Material for the task:
● ● ● ● ●

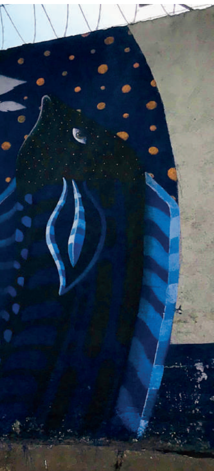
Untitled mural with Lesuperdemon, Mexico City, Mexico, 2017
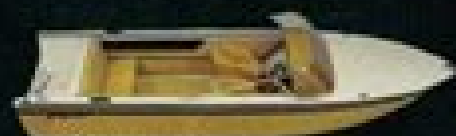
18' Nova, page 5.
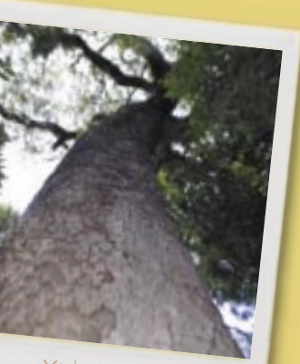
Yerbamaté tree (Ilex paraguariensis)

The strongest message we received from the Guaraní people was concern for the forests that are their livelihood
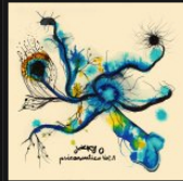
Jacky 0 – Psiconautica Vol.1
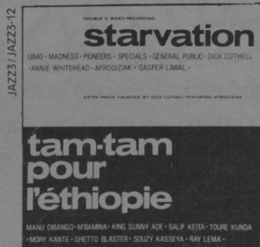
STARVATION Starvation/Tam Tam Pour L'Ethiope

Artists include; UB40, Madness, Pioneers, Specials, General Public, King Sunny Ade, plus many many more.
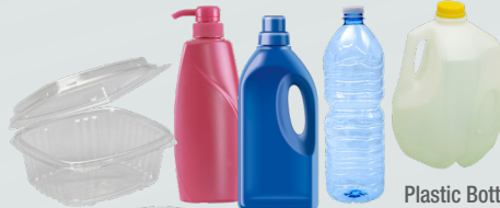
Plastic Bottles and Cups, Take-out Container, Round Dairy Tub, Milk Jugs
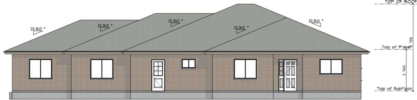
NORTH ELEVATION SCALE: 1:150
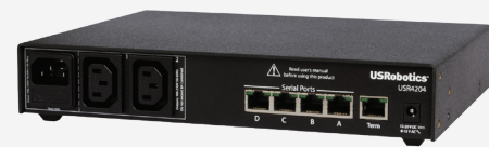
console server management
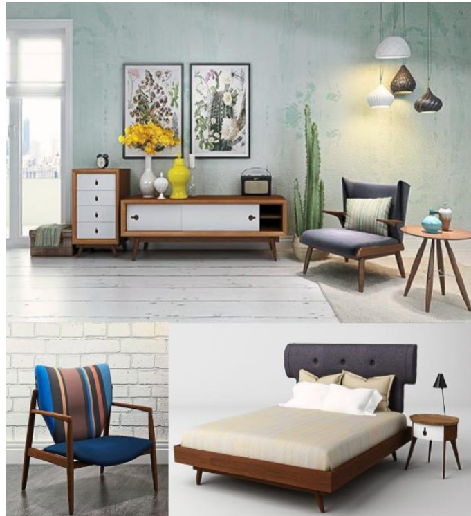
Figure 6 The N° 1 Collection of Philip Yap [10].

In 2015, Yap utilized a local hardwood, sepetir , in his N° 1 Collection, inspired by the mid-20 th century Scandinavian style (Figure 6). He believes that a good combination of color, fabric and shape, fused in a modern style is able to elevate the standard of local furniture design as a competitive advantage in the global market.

● ● ● ● ●

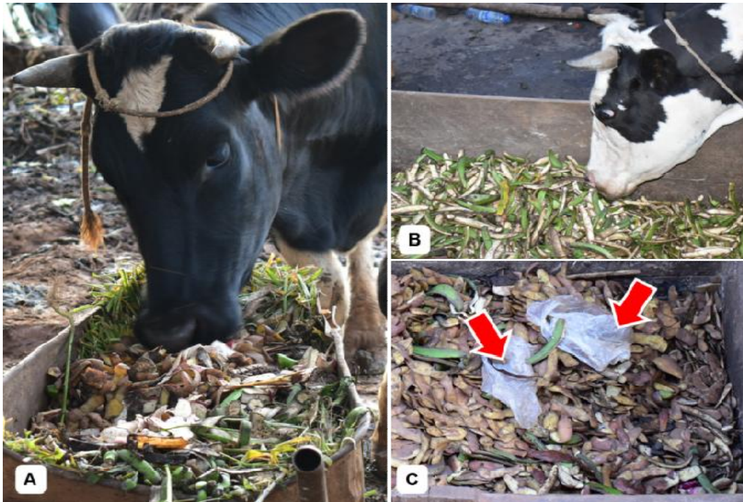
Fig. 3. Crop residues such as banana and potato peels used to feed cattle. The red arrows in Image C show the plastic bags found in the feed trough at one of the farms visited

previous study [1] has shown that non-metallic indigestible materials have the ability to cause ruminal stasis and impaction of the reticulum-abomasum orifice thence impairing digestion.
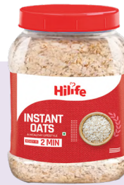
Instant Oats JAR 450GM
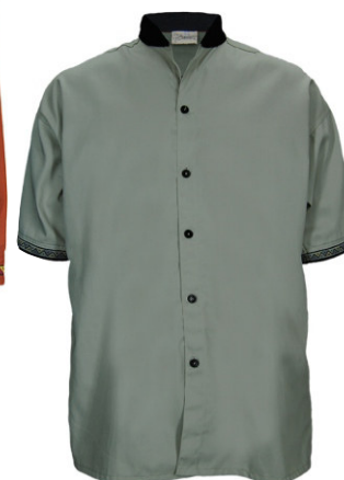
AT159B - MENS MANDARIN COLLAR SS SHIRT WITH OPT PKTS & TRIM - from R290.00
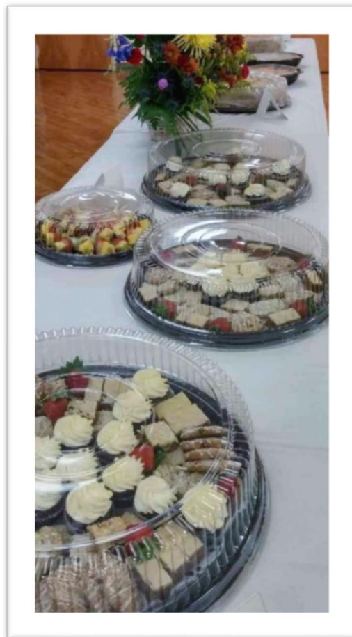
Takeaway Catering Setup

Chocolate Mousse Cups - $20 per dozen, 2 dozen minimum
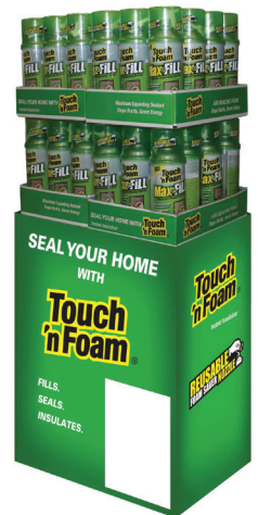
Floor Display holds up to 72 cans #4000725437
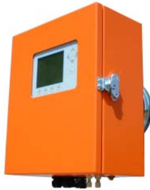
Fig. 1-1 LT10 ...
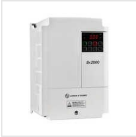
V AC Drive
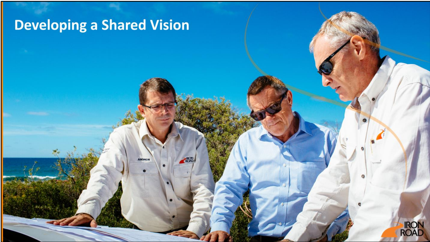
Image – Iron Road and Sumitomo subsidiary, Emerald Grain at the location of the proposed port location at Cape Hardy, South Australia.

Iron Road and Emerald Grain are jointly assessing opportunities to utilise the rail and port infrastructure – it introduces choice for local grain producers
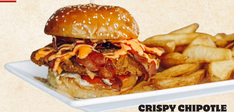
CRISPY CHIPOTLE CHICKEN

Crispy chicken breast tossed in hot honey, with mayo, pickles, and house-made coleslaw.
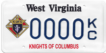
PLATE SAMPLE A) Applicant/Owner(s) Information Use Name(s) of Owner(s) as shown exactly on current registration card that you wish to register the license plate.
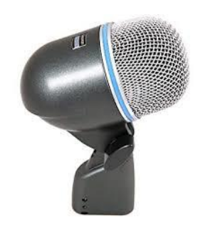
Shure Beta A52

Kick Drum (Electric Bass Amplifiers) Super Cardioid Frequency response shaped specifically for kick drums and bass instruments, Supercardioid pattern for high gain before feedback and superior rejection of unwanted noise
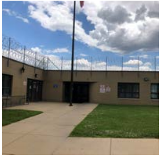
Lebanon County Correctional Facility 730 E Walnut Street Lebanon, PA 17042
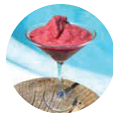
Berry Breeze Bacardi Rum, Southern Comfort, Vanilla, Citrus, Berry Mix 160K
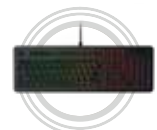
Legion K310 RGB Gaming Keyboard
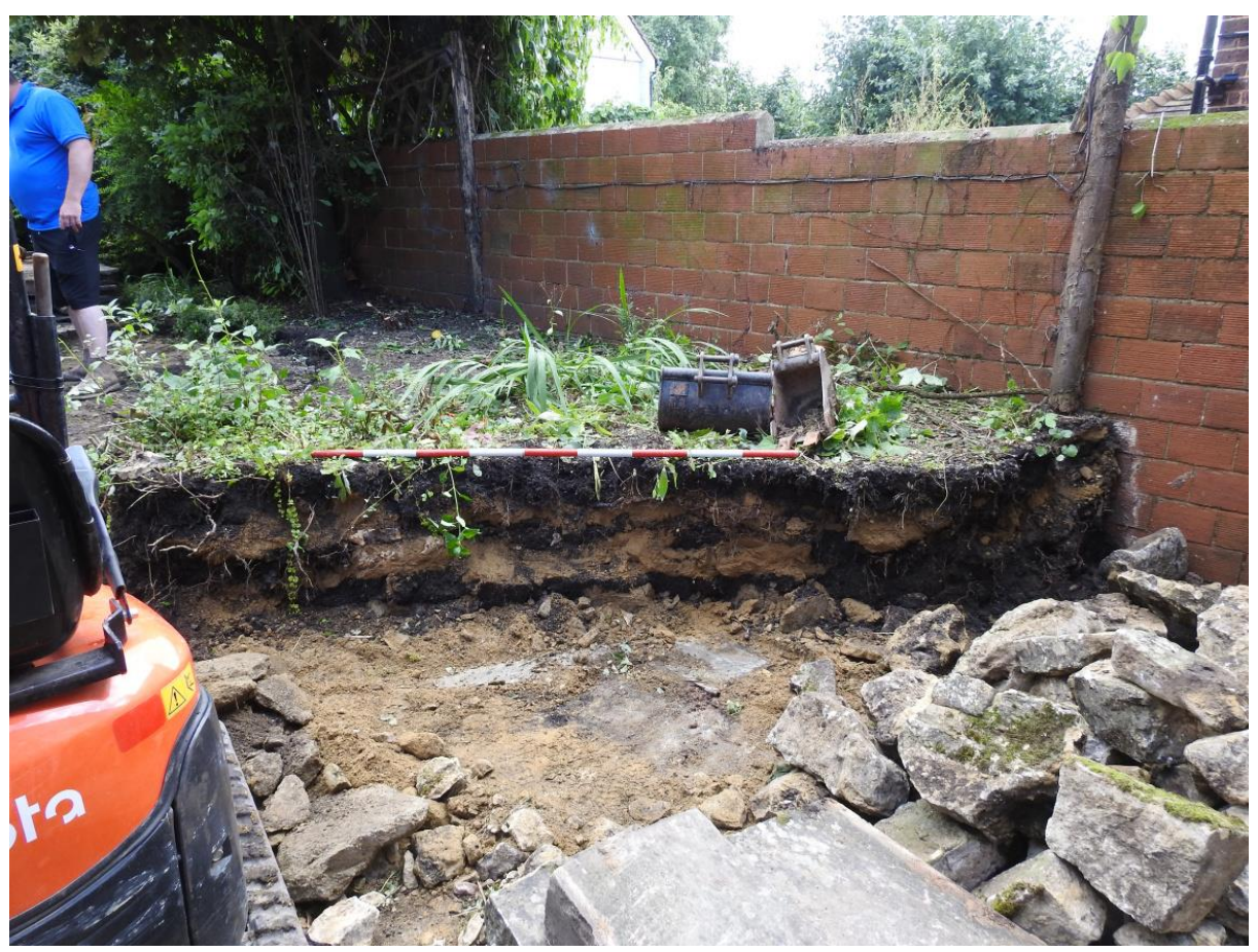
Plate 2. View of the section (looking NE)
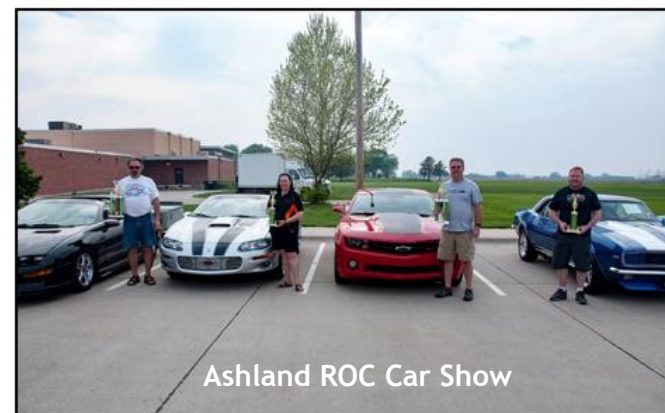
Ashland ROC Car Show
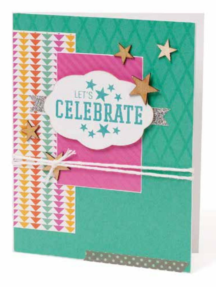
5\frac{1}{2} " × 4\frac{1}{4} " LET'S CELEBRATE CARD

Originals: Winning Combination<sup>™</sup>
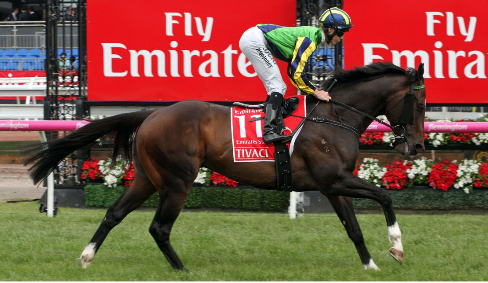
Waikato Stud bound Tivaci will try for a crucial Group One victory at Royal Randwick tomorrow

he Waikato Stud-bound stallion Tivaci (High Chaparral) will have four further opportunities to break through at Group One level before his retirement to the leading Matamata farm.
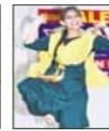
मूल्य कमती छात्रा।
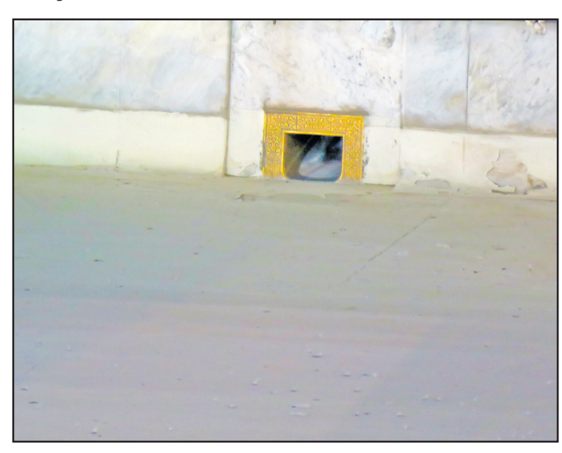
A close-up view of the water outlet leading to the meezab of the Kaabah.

● ● ● ● ●

Exercise prompt: Filter the entries above and keep only the lines with the word "Waikato".

Output:
Waikato Stud bound Tivaci will try for a crucial Group One victory at Royal Randwick tomorrow
he Waikato Stud-bound stallion Tivaci (High Chaparral) will have four further opportunities to break through at Group One level before his retirement to the leading Matamata farm.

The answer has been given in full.